EXERCISE INPUTS Block Start
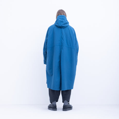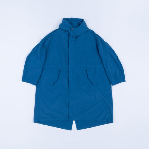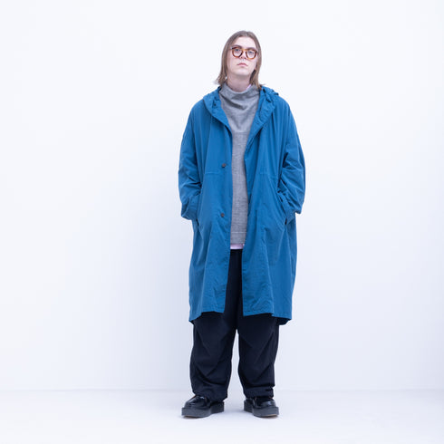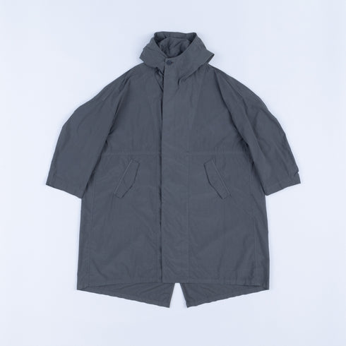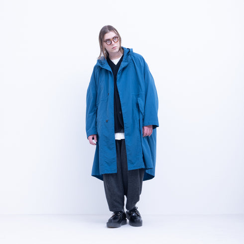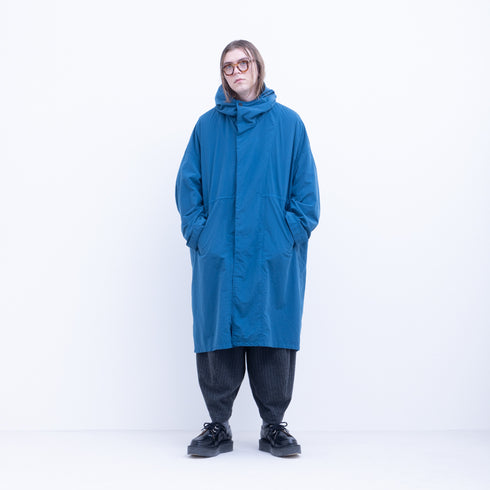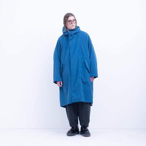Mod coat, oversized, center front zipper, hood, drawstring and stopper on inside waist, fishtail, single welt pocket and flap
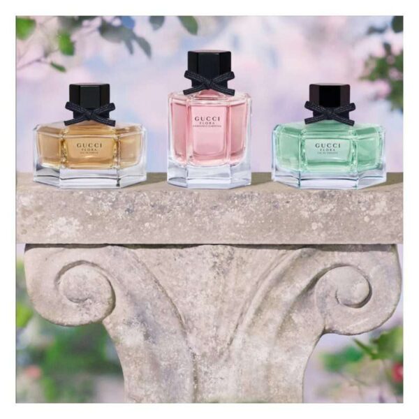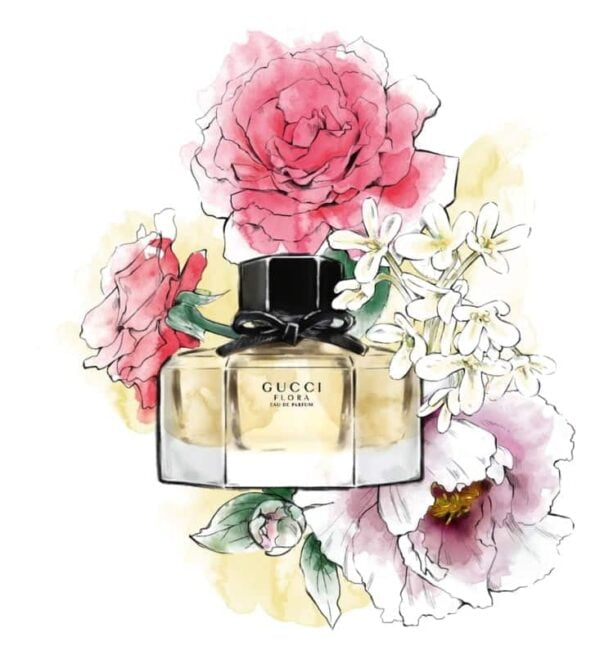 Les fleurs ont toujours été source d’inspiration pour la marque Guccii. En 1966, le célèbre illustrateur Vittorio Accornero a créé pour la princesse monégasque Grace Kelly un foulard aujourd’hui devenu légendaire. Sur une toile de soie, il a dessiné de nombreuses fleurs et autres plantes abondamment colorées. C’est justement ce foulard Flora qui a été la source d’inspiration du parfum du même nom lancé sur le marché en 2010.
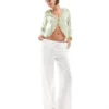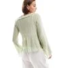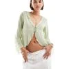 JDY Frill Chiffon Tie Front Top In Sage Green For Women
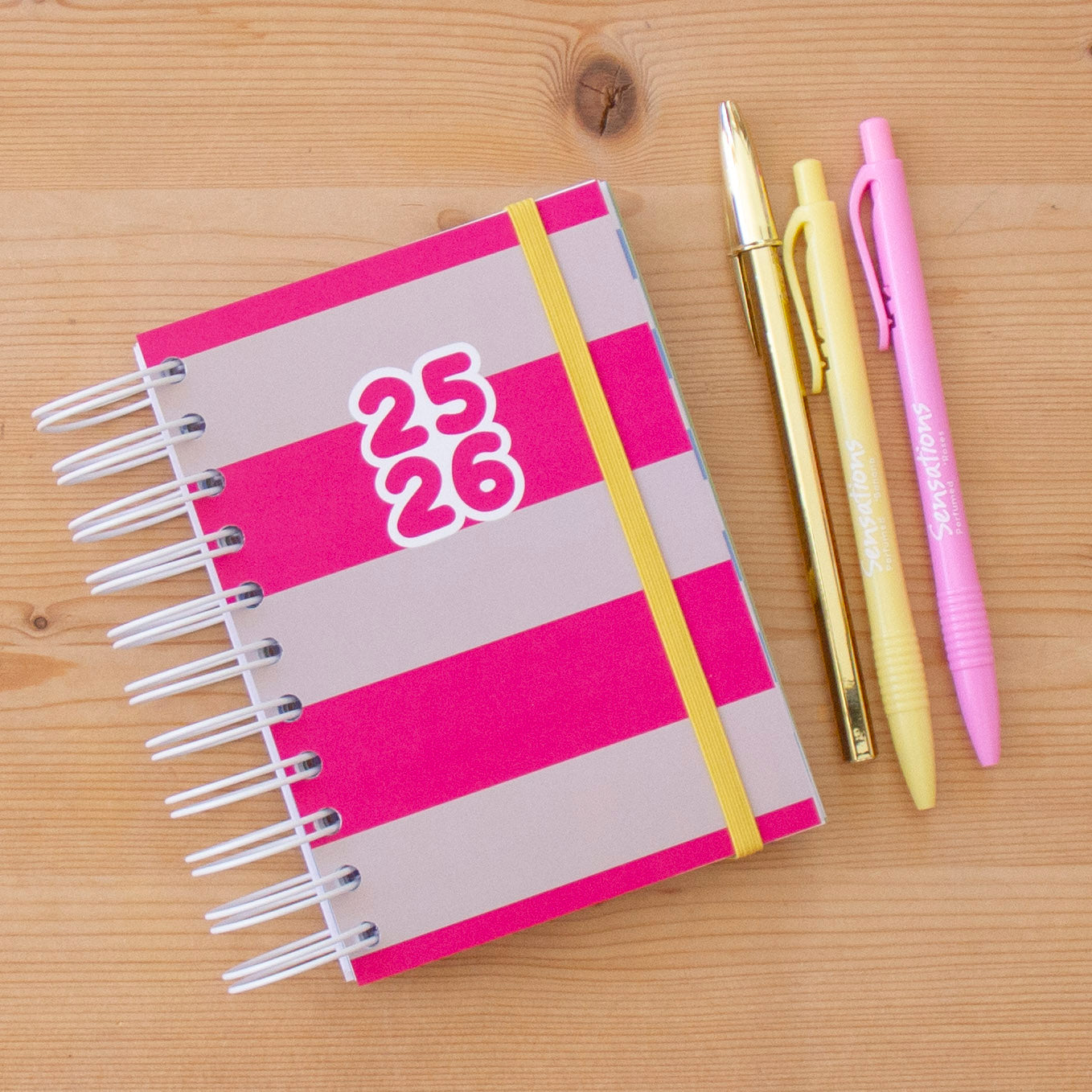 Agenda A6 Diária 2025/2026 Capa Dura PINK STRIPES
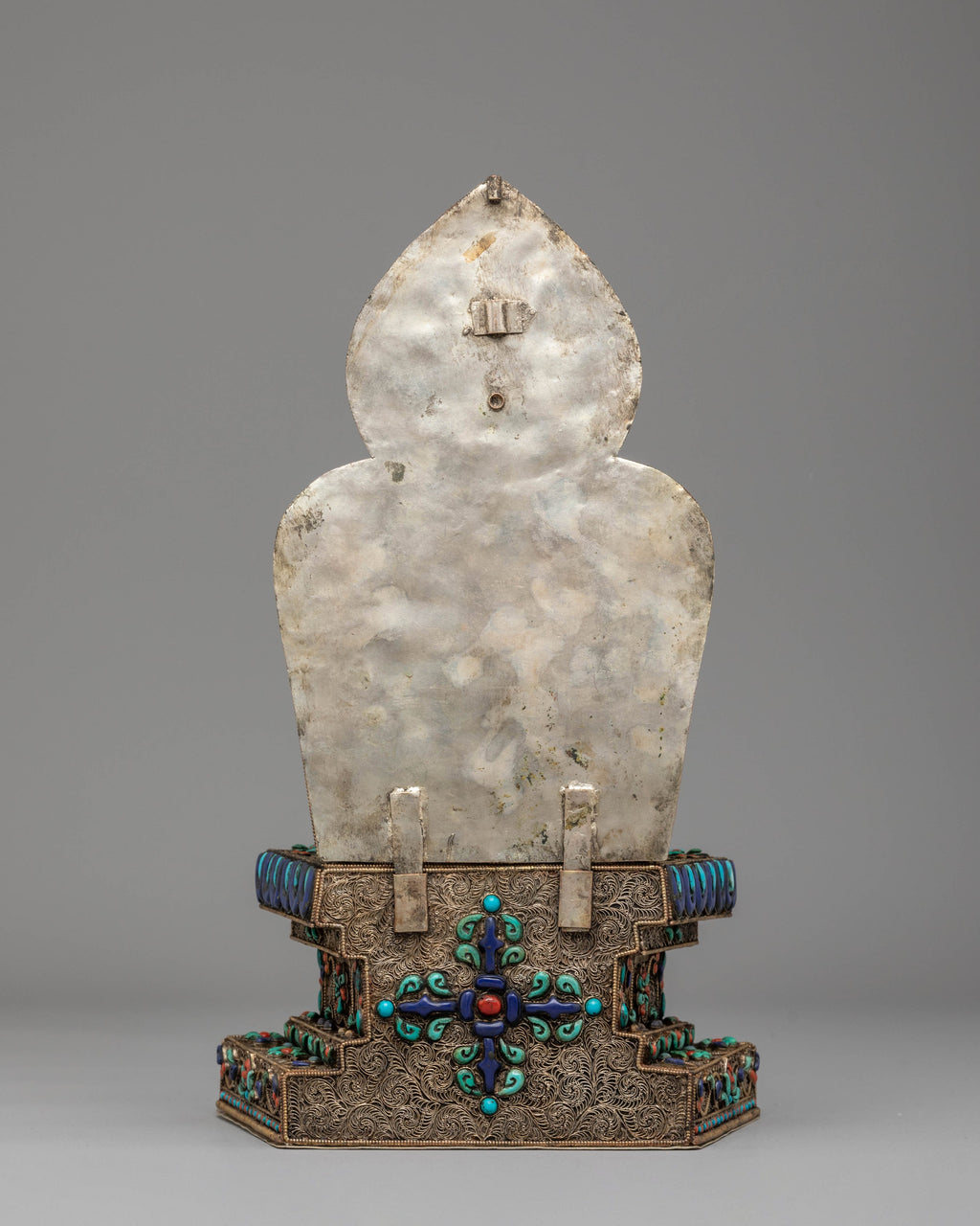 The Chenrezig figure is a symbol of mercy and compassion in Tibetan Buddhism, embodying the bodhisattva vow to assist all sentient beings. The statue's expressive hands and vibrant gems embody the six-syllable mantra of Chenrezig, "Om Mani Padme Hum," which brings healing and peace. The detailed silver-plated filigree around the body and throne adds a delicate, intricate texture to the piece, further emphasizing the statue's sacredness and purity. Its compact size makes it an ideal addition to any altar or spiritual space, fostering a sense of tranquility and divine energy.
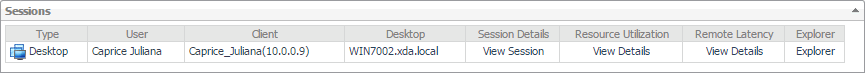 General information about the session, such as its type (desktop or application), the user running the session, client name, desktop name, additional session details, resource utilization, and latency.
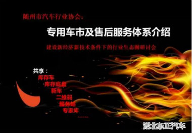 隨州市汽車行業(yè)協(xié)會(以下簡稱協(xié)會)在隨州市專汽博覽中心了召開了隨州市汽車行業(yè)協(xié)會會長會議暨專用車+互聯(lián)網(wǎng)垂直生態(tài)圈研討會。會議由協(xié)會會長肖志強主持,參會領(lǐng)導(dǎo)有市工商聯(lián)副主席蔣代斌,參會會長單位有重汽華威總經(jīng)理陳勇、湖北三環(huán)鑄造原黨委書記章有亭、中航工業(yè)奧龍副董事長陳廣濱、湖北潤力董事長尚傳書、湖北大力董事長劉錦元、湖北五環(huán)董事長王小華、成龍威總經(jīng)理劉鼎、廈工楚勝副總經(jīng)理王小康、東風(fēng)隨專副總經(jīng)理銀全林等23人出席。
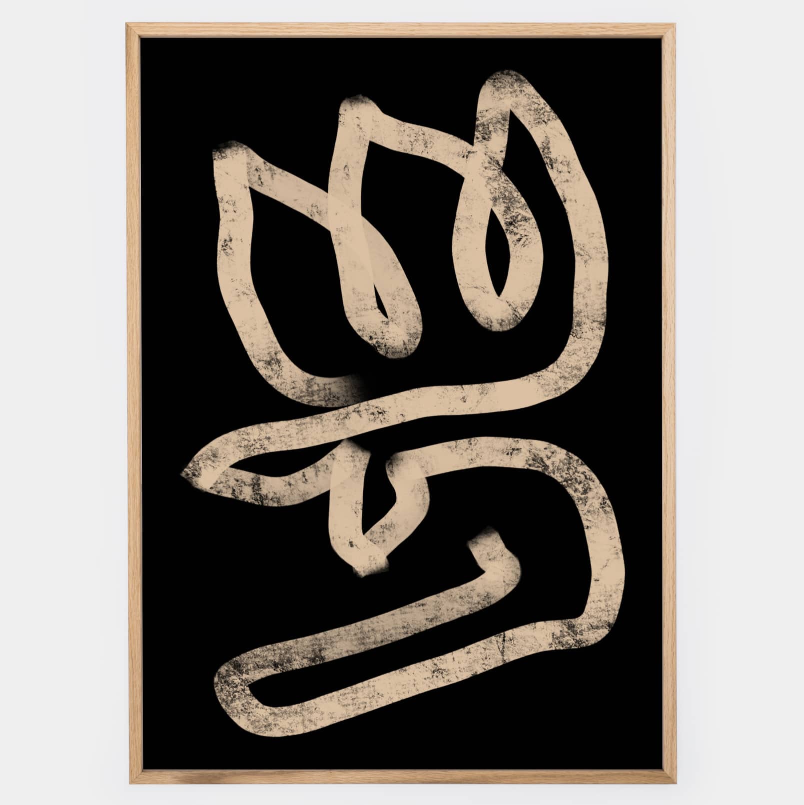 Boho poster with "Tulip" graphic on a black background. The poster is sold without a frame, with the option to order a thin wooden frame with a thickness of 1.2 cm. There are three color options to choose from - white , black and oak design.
EXERCISE INPUTS Block End
▸ WORK INSTRUCTIONS:
Would you output the lines above from the line holding "General information about" up to and including the line holding "隨州市汽車行業(yè)協(xié)會(以", exactly and only those, with no pictures?

▸ SOLUTION TO THIS PROBLEM:
 General information about the session, such as its type (desktop or application), the user running the session, client name, desktop name, additional session details, resource utilization, and latency.
 隨州市汽車行業(yè)協(xié)會(以下簡稱協(xié)會)在隨州市專汽博覽中心了召開了隨州市汽車行業(yè)協(xié)會會長會議暨專用車+互聯(lián)網(wǎng)垂直生態(tài)圈研討會。會議由協(xié)會會長肖志強主持,參會領(lǐng)導(dǎo)有市工商聯(lián)副主席蔣代斌,參會會長單位有重汽華威總經(jīng)理陳勇、湖北三環(huán)鑄造原黨委書記章有亭、中航工業(yè)奧龍副董事長陳廣濱、湖北潤力董事長尚傳書、湖北大力董事長劉錦元、湖北五環(huán)董事長王小華、成龍威總經(jīng)理劉鼎、廈工楚勝副總經(jīng)理王小康、東風(fēng)隨專副總經(jīng)理銀全林等23人出席。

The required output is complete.